*Brief*
How many lines below contain the word "from"? Reply solely with the number.

*Provided data*
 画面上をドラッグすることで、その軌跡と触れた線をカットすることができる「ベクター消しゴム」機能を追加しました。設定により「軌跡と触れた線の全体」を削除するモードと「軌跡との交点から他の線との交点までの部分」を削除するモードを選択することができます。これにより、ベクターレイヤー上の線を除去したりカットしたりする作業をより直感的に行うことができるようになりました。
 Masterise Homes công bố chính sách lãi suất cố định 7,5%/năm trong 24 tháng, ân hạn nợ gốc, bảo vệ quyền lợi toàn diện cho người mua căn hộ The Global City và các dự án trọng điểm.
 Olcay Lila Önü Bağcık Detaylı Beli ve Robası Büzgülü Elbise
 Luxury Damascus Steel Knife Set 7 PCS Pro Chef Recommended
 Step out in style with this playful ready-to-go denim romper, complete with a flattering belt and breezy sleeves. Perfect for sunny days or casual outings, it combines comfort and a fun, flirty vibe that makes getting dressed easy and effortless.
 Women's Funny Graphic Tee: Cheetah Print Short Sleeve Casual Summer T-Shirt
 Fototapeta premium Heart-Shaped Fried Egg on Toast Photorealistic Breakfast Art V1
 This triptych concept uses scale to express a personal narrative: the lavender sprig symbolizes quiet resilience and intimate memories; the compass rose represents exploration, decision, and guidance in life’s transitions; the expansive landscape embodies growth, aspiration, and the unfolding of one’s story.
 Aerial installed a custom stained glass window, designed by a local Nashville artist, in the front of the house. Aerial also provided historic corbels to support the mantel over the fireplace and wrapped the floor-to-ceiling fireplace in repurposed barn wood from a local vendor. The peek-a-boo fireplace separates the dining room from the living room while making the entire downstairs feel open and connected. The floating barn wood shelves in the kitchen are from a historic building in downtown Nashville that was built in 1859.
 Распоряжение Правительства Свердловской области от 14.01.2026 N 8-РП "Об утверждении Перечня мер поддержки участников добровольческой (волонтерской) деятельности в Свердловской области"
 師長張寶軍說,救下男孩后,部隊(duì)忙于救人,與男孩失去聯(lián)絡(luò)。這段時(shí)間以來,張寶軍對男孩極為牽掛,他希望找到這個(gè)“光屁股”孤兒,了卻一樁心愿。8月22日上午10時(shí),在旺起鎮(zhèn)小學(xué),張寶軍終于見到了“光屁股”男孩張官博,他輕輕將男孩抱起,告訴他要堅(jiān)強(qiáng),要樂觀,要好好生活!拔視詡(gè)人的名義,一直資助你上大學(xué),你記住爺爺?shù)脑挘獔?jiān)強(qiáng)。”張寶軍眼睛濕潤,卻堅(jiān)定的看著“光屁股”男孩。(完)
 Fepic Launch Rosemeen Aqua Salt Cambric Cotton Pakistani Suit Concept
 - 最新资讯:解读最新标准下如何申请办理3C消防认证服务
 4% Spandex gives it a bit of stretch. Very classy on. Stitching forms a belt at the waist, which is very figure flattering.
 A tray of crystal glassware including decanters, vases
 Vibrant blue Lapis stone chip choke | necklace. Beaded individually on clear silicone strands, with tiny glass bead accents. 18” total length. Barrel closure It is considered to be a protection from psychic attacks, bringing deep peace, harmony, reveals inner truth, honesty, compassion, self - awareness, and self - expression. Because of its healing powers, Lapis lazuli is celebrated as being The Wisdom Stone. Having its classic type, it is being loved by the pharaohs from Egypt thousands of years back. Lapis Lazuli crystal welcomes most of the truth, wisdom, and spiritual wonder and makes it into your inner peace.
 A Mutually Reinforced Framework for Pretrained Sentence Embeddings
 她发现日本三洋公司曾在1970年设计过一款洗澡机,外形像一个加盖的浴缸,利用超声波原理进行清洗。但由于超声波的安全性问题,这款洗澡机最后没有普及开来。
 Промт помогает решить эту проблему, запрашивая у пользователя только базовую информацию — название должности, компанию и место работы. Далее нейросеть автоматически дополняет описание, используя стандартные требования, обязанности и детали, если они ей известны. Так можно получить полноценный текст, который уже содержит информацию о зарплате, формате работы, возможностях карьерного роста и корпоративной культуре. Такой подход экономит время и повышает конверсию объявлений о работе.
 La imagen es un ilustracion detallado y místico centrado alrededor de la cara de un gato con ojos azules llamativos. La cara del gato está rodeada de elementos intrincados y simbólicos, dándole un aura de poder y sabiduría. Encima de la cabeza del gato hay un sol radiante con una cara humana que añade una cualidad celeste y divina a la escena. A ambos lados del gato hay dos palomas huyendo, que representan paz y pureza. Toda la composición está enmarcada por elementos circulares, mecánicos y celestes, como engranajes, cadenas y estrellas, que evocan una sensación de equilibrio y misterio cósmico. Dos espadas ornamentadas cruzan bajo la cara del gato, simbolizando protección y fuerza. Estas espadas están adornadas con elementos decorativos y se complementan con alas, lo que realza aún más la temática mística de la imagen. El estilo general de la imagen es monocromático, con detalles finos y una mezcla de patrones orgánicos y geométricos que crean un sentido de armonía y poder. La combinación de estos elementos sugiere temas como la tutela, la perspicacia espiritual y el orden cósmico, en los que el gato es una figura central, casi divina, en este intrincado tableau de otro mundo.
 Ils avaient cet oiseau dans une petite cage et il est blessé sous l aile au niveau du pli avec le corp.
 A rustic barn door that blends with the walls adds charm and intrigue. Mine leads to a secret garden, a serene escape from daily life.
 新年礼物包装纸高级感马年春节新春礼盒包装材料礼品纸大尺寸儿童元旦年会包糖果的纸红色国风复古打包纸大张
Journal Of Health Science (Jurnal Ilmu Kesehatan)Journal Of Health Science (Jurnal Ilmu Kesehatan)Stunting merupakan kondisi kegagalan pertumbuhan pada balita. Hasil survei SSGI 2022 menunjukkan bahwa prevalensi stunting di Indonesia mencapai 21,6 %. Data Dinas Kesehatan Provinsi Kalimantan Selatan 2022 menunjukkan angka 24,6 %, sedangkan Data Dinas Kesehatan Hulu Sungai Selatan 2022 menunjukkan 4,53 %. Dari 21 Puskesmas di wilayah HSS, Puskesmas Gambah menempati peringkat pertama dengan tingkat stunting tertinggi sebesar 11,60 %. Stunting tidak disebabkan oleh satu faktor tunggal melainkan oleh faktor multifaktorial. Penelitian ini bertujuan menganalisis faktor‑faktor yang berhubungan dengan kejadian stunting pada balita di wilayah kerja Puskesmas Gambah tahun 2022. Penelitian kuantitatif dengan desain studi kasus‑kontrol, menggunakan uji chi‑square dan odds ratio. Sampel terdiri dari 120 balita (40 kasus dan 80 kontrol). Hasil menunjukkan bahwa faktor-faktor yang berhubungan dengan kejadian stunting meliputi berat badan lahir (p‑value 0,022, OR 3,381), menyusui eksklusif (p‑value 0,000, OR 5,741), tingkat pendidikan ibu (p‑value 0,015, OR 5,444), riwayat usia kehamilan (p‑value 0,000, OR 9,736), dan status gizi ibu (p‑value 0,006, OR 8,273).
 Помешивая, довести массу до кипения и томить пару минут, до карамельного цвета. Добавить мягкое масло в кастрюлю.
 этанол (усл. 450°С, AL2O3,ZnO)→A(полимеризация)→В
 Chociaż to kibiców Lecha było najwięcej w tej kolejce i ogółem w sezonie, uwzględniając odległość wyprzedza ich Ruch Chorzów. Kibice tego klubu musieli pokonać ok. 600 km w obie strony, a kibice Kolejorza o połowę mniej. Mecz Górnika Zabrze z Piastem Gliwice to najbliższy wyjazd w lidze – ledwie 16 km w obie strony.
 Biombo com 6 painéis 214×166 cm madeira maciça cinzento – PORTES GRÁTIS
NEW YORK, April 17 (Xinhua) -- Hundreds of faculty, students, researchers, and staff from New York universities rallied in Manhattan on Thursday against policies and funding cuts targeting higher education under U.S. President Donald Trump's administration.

*Answer to this problem*
4